However, following the carbon floor price announcement, analysts at investment bank Citigroup wrote: “On reading an accompanying policy costing document it becomes clear that the actual tax paid…will be higher, as the published prices are referenced as real prices in 2009 money. Applying inflation estimates from the office of budgetary responsibility results in an estimated nominal carbon floor of Eu21 (£18.33) in 2013 and Eur46 (£40.66) in 2020 at current exchange rates.” Thomson Reuters Point Carbon says that those estimates may even be too cautious estimating a UK carbon floor price as high as Eu54 a tonne by the end of the decade – a significant premium on the €36 a tonne price that is expected across the rest of the EU.
A potentially damaging measure
The group set to suffer the greatest impact as a result of the introduction of a floor price are the energy intensive users including the steel, aluminium, cement, paper and chemical industries.
Some manufacturing firms are already showing that the cost of a tight environmental doctrine may come in the form of British jobs.
When Tata Steel announced late last month its plans to cut production and axe up to 1,500 jobs at two sites in the north east of England due to weak demand for its products, many were crestfallen at the news but few in the steel industry were shocked.
While the company has publically blamed the slump in the UK construction market as the primary reason for the cutbacks, the added pressures imposed by the government’s new green taxes certainly exacerbated a delicate situation.
Earlier in May, The Times quoted managing director and CEO of Tata Steel Europe, Dr Dr Karl-Ulrich Köhler: “European steel makers already face the prospect of deteriorating international competitiveness because of the proposed unilateral imposition by the European Commission of very significantly higher emission costs. The carbon floor proposal will impose additional unilateral emission costs, specifically on the UK steel industry. This is an exceptionally unhelpful and potentially damaging measure.” Runcorn-based chemical company Ineos, a major energy consumer, issued similar concerns saying that the higher costs could force it to move production abroad. In a worst case scenario, the company’s energy bill could rise by as much as £30m a year by 2020, which would have a “considerable impact” on its ability to compete, the firm said.
“The Runcorn site is very important to Ineos and we have invested more than £400m in the site to date to secure its future,” Ineos chief executive Chris Tane said in a statement; “Our business has weathered the economic downturn and has real potential for long-term growth and prosperity, however this can only be realised if we remain competitive, internationally,” he said.

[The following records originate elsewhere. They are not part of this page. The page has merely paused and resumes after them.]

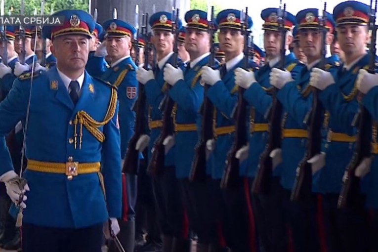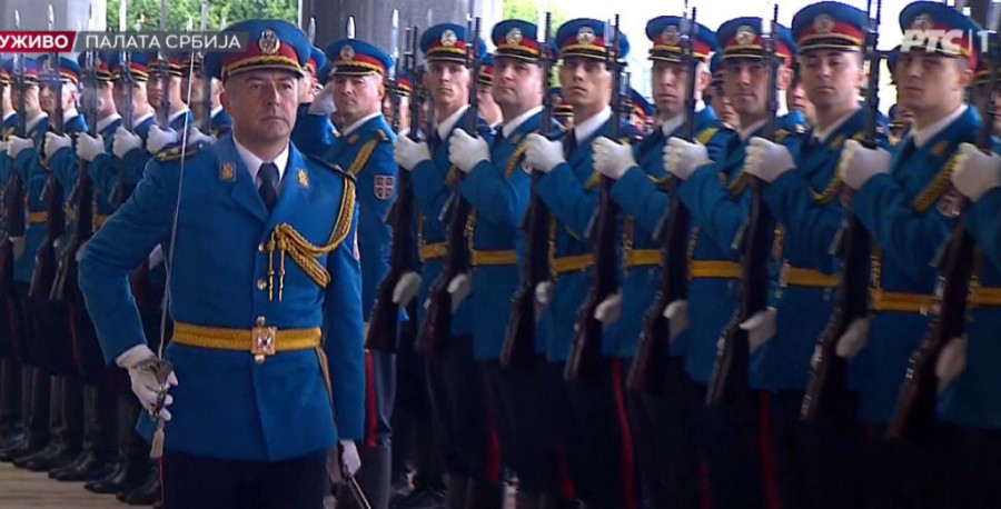 Posle intoniranja himni dveju zemalja, crveni tepih i smotru počasne garde, usledilo je rukovanje sa ministrima Vlade Srbije.
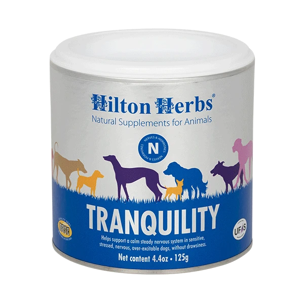 Ce complément alimentaire 100% naturel est destiné aux chiens stressés. Il est également recommandé pour les chiens hypersensibles ou hyperactifs. Tranquility est un calmant pour chiens anxieux, il convient aux chiots, aux adultes et aux seniors. Cette formule 100% maintient l’équilibre du système nerveux et apporte sérénité et calme à votre chien.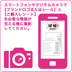●WEB応募:対象商品をご購入のうえ、「ブランドロゴまたはシール」と「ご購入時のレシート」を一緒に撮影してご応募ください。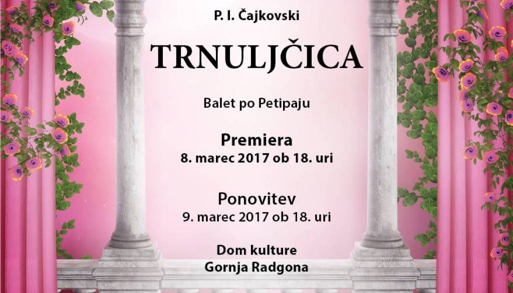Dom kulture Gornja RadgonaGlasbena šola Gornja Radgona tudi letos pripravlja pravljično baletno predstavo. 89 nastopajočih bo po Petipaju uprizorilo Trnuljčico Petra Iljiča Čajkovskega.

He said Ineos and other energy intensive manufacturers were working with the government to ensure their needs were reflected in any legislation: “The government is listening and discussions so far have been very positive. We are therefore hopeful that the legislation will provide support for energy intensive manufacturers as the UK moves towards a low carbon economy. This will be vital if we are to remain competitive versus other European and global manufacturers.” Voicing similar concerns, Lynemouth firm Rio Tinto Alcan says that the proposed floor price would cost an additional £40m per year, eliminating its profit margin. The company says the plans cast doubt over more than 600 jobs at the aluminium plant, which contributes more than £100m to the UK’s north eastern economy.
Jeremy Nicholson, director of the Energy Intensive Users Group, has warned that the UK’s energy policy is a severe risk to the economy. Speaking at an annual lunch hosted by the ERA Foundation in May, Mr Nicholson said that legislation and initiatives like the CRC Energy Efficiency Scheme and the Carbon Floor Price have increased energy costs to an uncompetitive level. “With some of these manufacturers, 20%-70% of their production costs are from energy. Even a slight rise in cost or an extra environmental tax can be very damaging,” he said.
“If we tax too much and make fossil fuel energy generation expensive, we won’t decarbonise the economy by reducing carbon from power stations, we’ll decarbonise it by shrinking the economy.”
The real cost of carbon at a glance
● According to government the carbon floor price will come into effect if the price of carbon falls below £16 per tonne from 1 April 2013 or £30 in 2020.
● Thomson Reuters Point Carbon says a UK carbon floor price could be as high as €54 a tonne by the end of the decade
● The energy intensive users including the steel, aluminium, cement, paper and chemical industries will suffer the greatest impact of a carbon floor price.
● The Energy Intensive Users Group has warned that the UK’s energy policy is a severe risk to the economy.
● Nearly half (45%) of businesses want the CRC scheme scrapped.
● Between 2011 and 2020, the 90m tonnes of carbon dioxide savings the CRC participants are expected to achieve will be emitted instead by heavy industry.
A growing list
Although the UK floor price won’t be introduced for 18 months, the move is the latest environmental cost burden for businesses which have already been subjected to a number of green taxes and regulations.
Depending on the size of the business, a company might already be subject to the Carbon Reduction Commitment Energy Efficiency Scheme (CRC), the Climate Change Levy (CCL) and associated climate change agreements (CCA), building regulations, and the EU emissions trading scheme (EU ETS).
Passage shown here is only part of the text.